I ride a lot of hard pack.


----------



## She&I (Jan 4, 2010)

Interesting thread...

Hardtail Fandango: We've been running ±35-45 psi, with slime tubes. 40 seems like a reasonable compromise between puncture resistance and traction (if a bit on the hard side) for the standard DH trails here. If we're on a up-the-mountain-and-down type ride we'll usually bleed off at the top. Otherwise we run at 38-40 on 2.3s. We're a 290 lb team geared up.

In our experience, rough patches greater speeds are the main flatting concern. Tire/tube systems seems pretty reliable on any terrain at lower speeds.

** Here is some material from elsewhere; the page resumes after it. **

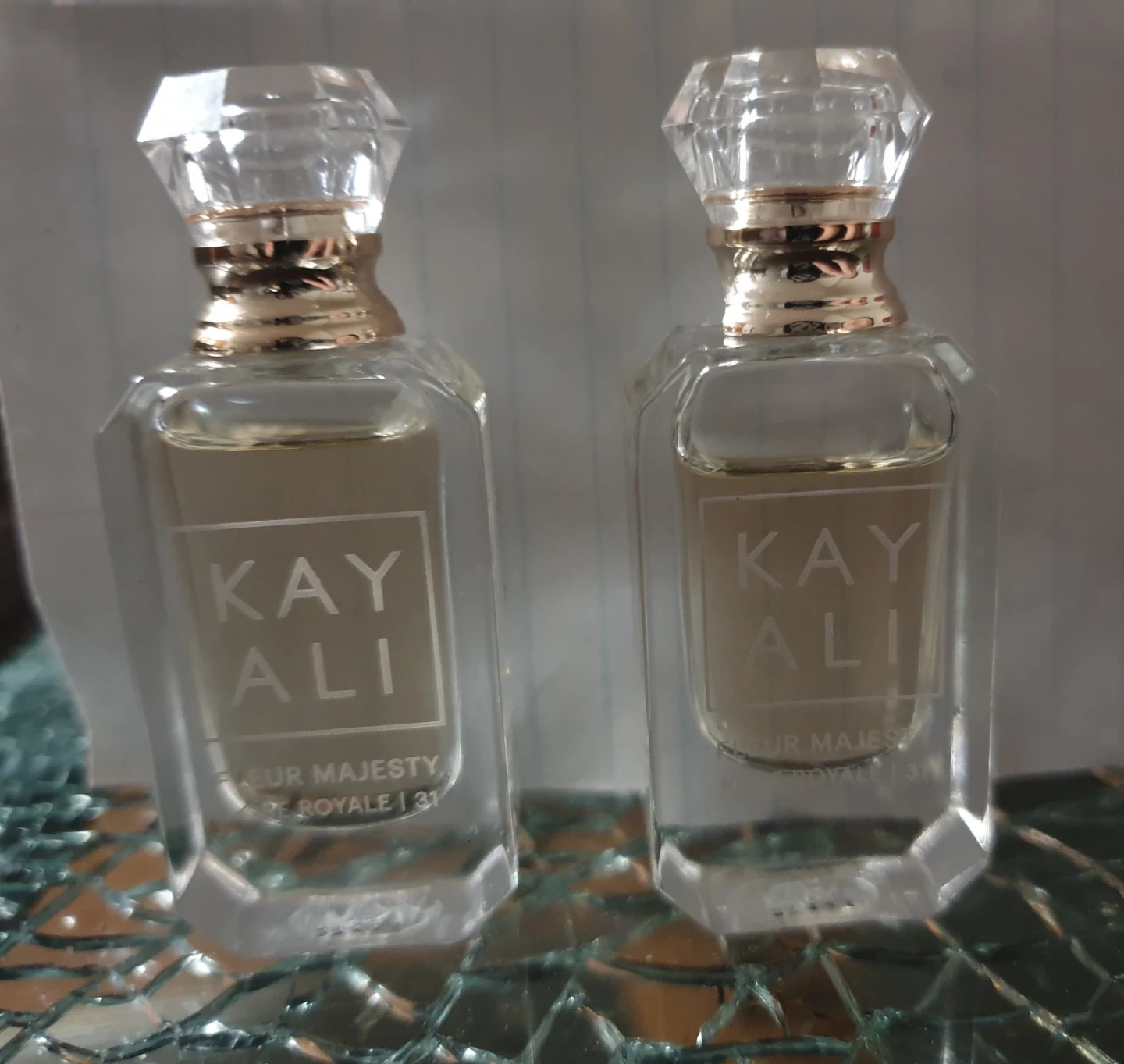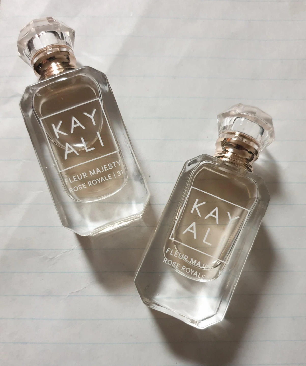 Two bottles of KAYALI Fleur Majesty Rose Royale | 31 perfume. 31ml bottles. A captivating floral scent.

I'd love to push the low pressure envelope and maybe try tubeless for local riding. You guys are making me think.

Mike


----------



## malaclemys (Oct 22, 2010)

I am in the same camp as PMK. We run higher pressures (45-50psi) in the 29x2.2 Nevegals on our Fandango. If I had to guess I would say our team weight is 310-315. Knock on wood we haven't experienced a flat in the 10 months we have been riding.

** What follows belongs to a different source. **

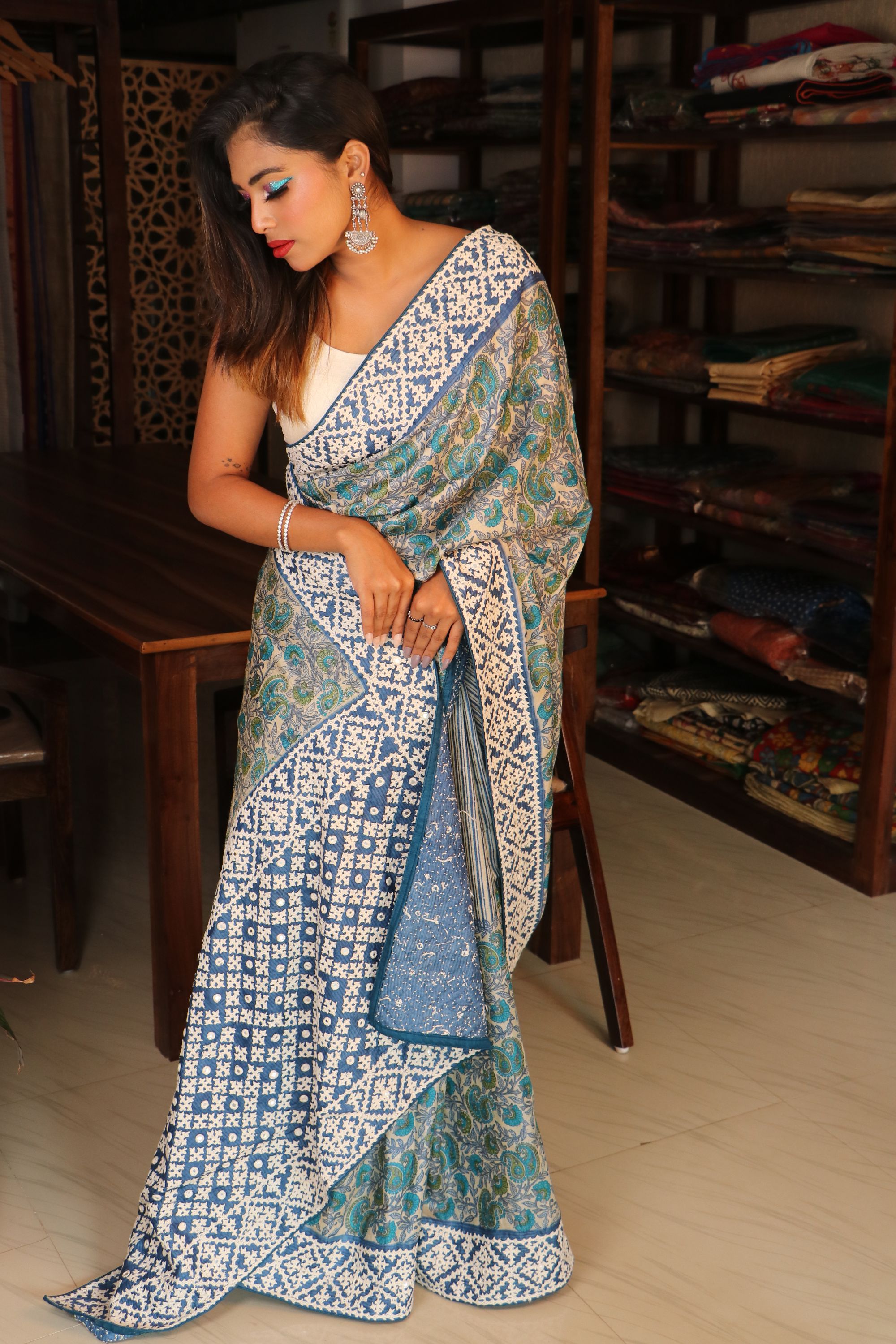 Kalamkari Tussar with Chikankari

I prefer a stiffer sidewall and find a "squishy" tire to be disconcerting especially when cornering. We don't ride a lot of rocky trails here (north Florida) nor do we have a lot of traction issues. Many of our trails, most of which are fairly tight singletrack, are fast rolling and hard packed to sandy. I did use the same setup at AORTA this year and things seemed to work fine in Asheville area too.

J


----------



## Teamburney (Nov 21, 2010)

Ok, we are a fairly new team (340 lbs) on our ECDM since Dec. almost one year now. We have since worn out a Kenda- Nevegal 2.35 on the rear. Kenda, up at Sea Otter,advised us to run a Blue Groove due to the harder compound.But now we are finding out that the sidewalls on both do not hold up. Blow out twice now on both models and one front and one rear....Any advice on better tires or at least sidewalls that will hold up? Oh, our tire pressure has been 45-50....


----------



## Trails4Two (May 12, 2008)

What kind of terrain? Are the blowouts due to rock cuts, big hits, other? The pressure seems a bit high to me. I would try lowering it 5-10lbs. If you get some pinch flats, you have gone too far.


----------



## Teamburney (Nov 21, 2010)

The first blow out looked like a rock abrasion on the sidewall that possibly took away integrity. The second had no signs of weakness on the sidewall and we were mainly on a smooth trail. The type of riding is mostly OC (Chino Hills and Saddleback area). I will try lowering pressure. I now have a tubeless tire on the rear, hoping the sidewall is stronger.


----------



## CaptainHaddock (Mar 3, 2012)

I'm glad to have stumbled across this thread as my wife and I just bought our first tandem. It's a cannondale RT2 (year 2010/11) and there's enough clearance for cross tires (haven't experimented with proper 29'r mountain yet), so I've mounted the tires and am scratching my head over tire pressure. 

With all my background being a single rider, I'm used either riding my road bikes at like 120psi, or my mountain at 30 - 40psi. But with the tandem, I worried about running to low on the cross tires and getting snake bit. The team weighs in at 310, and the bike at about 38. What does the wisdom of the crowd have to say?


----------



## Trails4Two (May 12, 2008)

*questions*

what surfaces are you riding on? generally I would look at the recommended pressure range on the tire then go somewhere just below the top end of the range.


----------



## CaptainHaddock (Mar 3, 2012)

Trails4Two said:


> what surfaces are you riding on? generally I would look at the recommended pressure range on the tire then go somewhere just below the top end of the range.


We'll primarily be riding gravel, maybe some dirt single track, not sure as of yet. They're rated around 80 psi, so you'd say somewhere in the 75 area?


----------